>>>

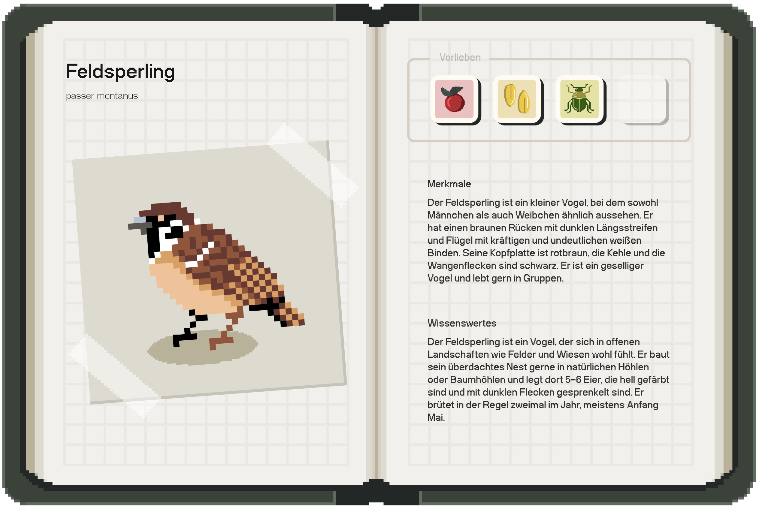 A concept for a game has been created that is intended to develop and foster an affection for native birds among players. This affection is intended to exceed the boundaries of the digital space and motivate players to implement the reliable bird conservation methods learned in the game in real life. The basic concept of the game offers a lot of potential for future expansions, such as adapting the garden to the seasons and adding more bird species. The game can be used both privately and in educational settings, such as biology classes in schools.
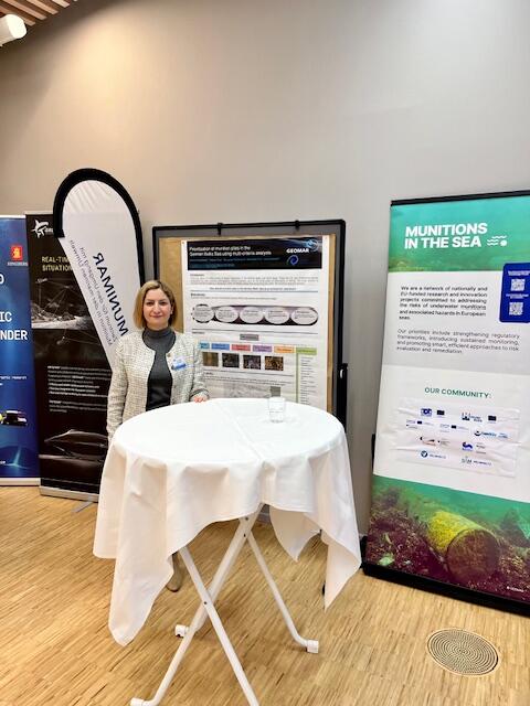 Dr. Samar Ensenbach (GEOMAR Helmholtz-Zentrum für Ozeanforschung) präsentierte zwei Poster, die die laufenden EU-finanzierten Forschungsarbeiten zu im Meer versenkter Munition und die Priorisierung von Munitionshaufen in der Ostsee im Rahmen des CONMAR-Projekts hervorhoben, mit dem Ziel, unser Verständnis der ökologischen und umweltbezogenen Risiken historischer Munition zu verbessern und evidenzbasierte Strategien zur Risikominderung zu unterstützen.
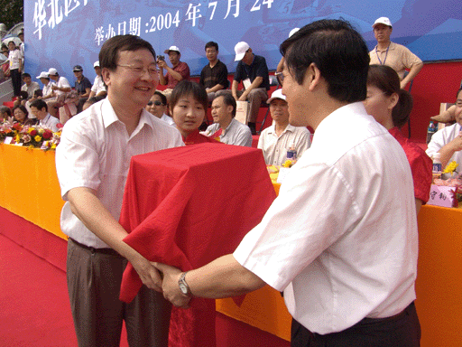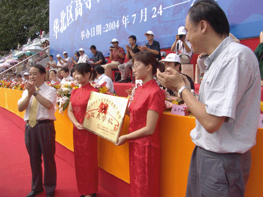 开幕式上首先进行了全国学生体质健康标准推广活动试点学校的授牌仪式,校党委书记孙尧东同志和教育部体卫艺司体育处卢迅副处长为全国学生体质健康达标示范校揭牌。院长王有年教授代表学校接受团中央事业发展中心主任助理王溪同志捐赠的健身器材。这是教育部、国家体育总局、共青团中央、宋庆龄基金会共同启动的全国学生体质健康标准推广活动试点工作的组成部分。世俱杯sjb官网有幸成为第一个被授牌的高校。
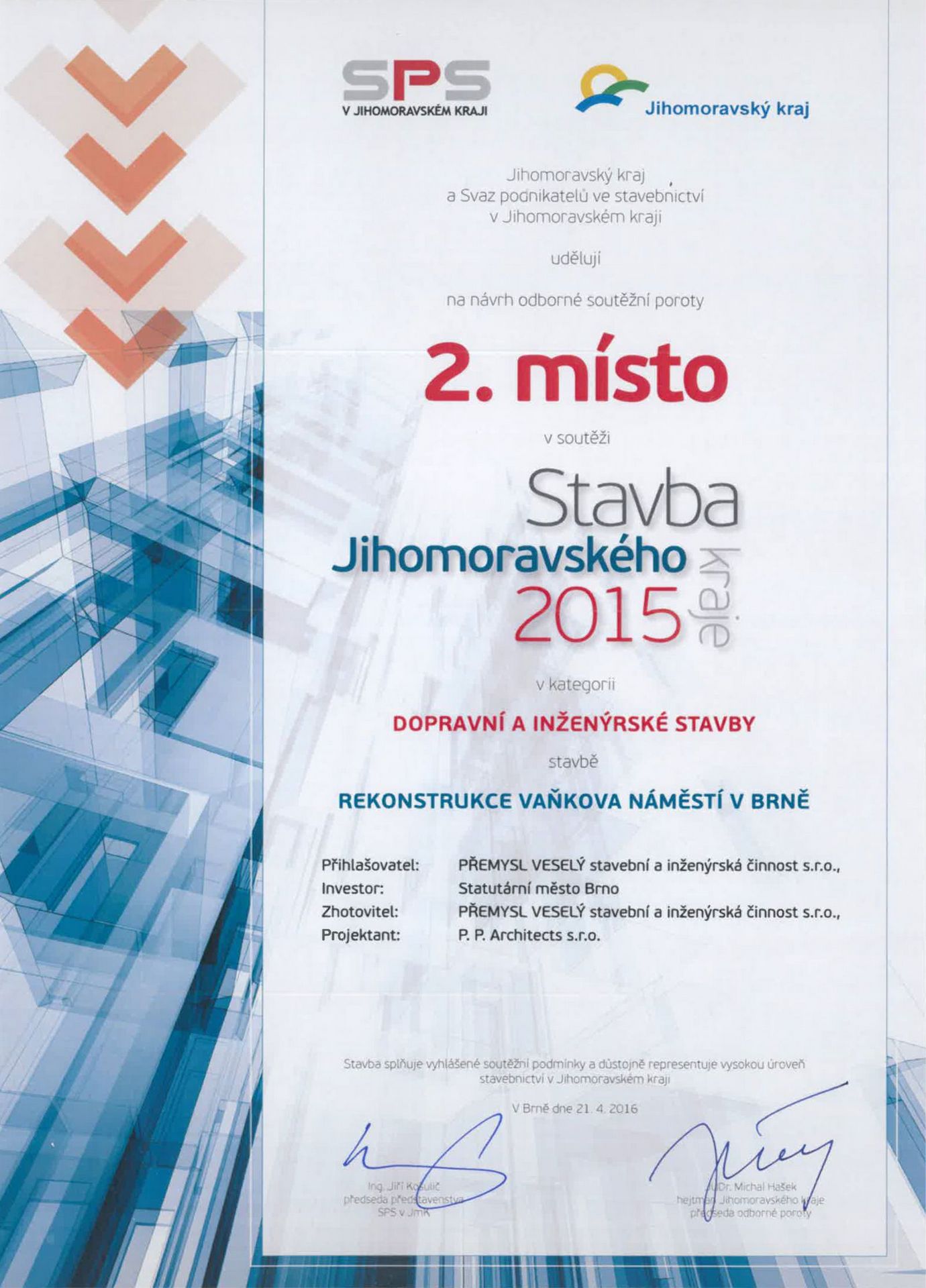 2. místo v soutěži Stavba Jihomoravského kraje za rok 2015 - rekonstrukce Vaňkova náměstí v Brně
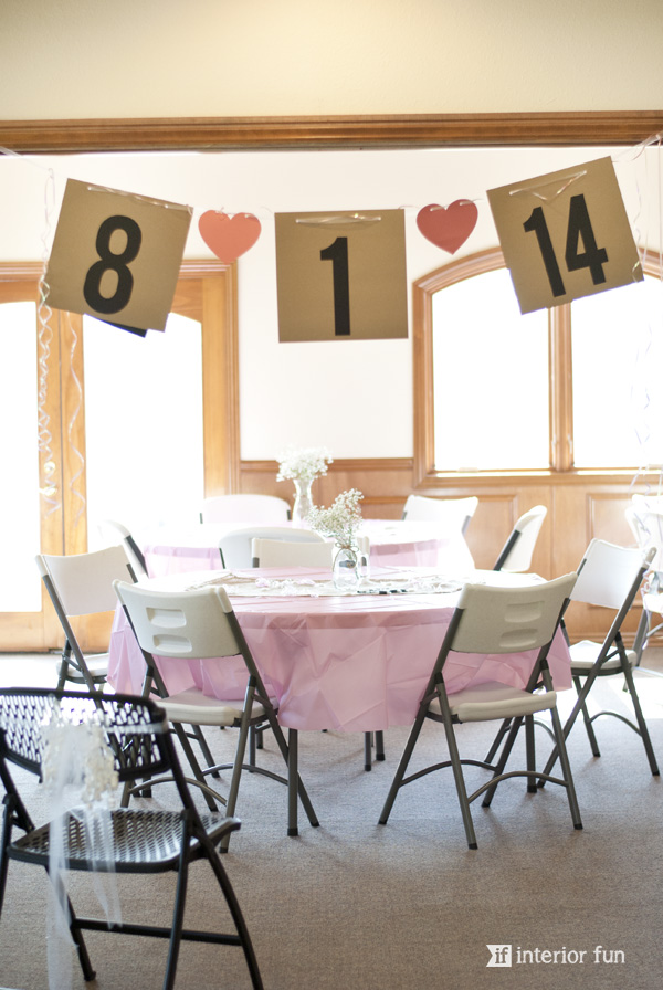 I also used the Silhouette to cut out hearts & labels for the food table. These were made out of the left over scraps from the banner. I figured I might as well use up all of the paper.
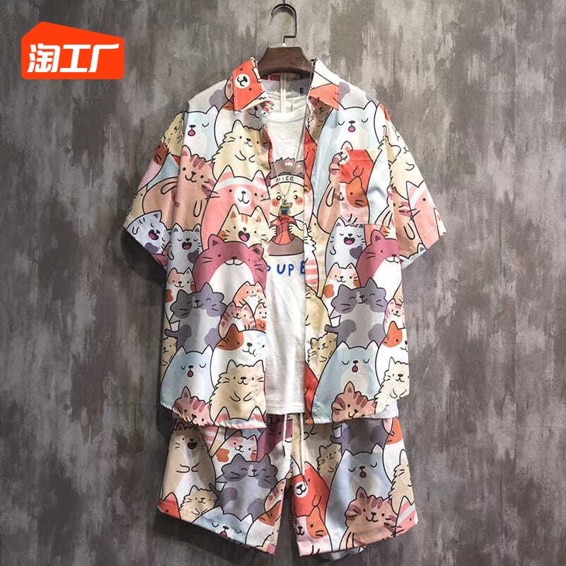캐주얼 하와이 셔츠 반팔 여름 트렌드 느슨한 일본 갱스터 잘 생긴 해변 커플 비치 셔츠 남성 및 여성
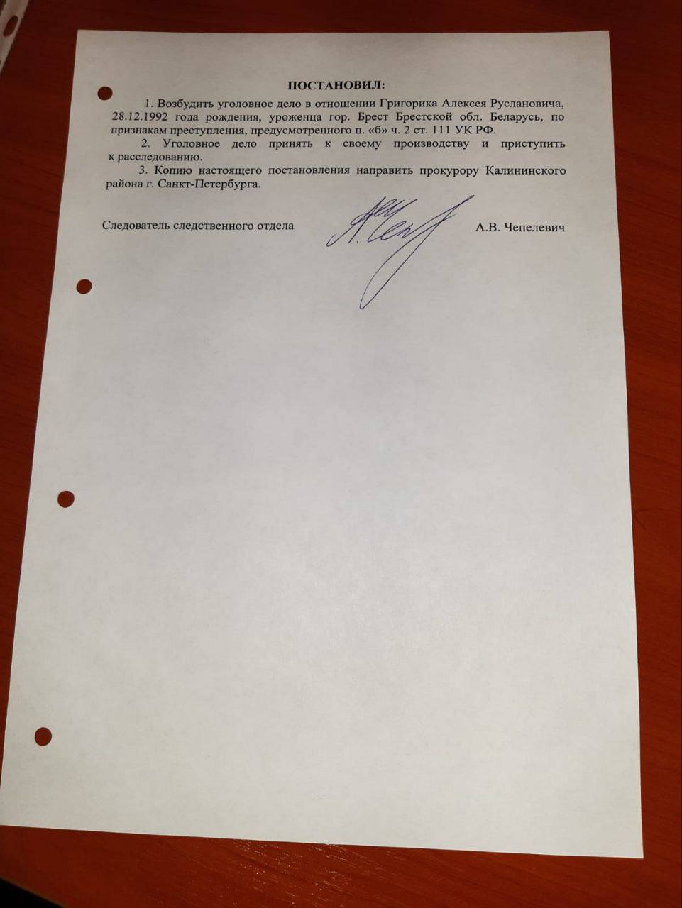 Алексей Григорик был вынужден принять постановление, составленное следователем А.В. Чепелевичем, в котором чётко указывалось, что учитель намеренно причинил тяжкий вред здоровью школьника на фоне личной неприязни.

<<<

* GOAL OF THE EXERCISE
The listing must be returned in full and exactly, apart from its pictures.

* TASK SOLUTION
 A concept for a game has been created that is intended to develop and foster an affection for native birds among players. This affection is intended to exceed the boundaries of the digital space and motivate players to implement the reliable bird conservation methods learned in the game in real life. The basic concept of the game offers a lot of potential for future expansions, such as adapting the garden to the seasons and adding more bird species. The game can be used both privately and in educational settings, such as biology classes in schools.
 Dr. Samar Ensenbach (GEOMAR Helmholtz-Zentrum für Ozeanforschung) präsentierte zwei Poster, die die laufenden EU-finanzierten Forschungsarbeiten zu im Meer versenkter Munition und die Priorisierung von Munitionshaufen in der Ostsee im Rahmen des CONMAR-Projekts hervorhoben, mit dem Ziel, unser Verständnis der ökologischen und umweltbezogenen Risiken historischer Munition zu verbessern und evidenzbasierte Strategien zur Risikominderung zu unterstützen.
 开幕式上首先进行了全国学生体质健康标准推广活动试点学校的授牌仪式,校党委书记孙尧东同志和教育部体卫艺司体育处卢迅副处长为全国学生体质健康达标示范校揭牌。院长王有年教授代表学校接受团中央事业发展中心主任助理王溪同志捐赠的健身器材。这是教育部、国家体育总局、共青团中央、宋庆龄基金会共同启动的全国学生体质健康标准推广活动试点工作的组成部分。世俱杯sjb官网有幸成为第一个被授牌的高校。
 2. místo v soutěži Stavba Jihomoravského kraje za rok 2015 - rekonstrukce Vaňkova náměstí v Brně
 I also used the Silhouette to cut out hearts & labels for the food table. These were made out of the left over scraps from the banner. I figured I might as well use up all of the paper.
캐주얼 하와이 셔츠 반팔 여름 트렌드 느슨한 일본 갱스터 잘 생긴 해변 커플 비치 셔츠 남성 및 여성
 Алексей Григорик был вынужден принять постановление, составленное следователем А.В. Чепелевичем, в котором чётко указывалось, что учитель намеренно причинил тяжкий вред здоровью школьника на фоне личной неприязни.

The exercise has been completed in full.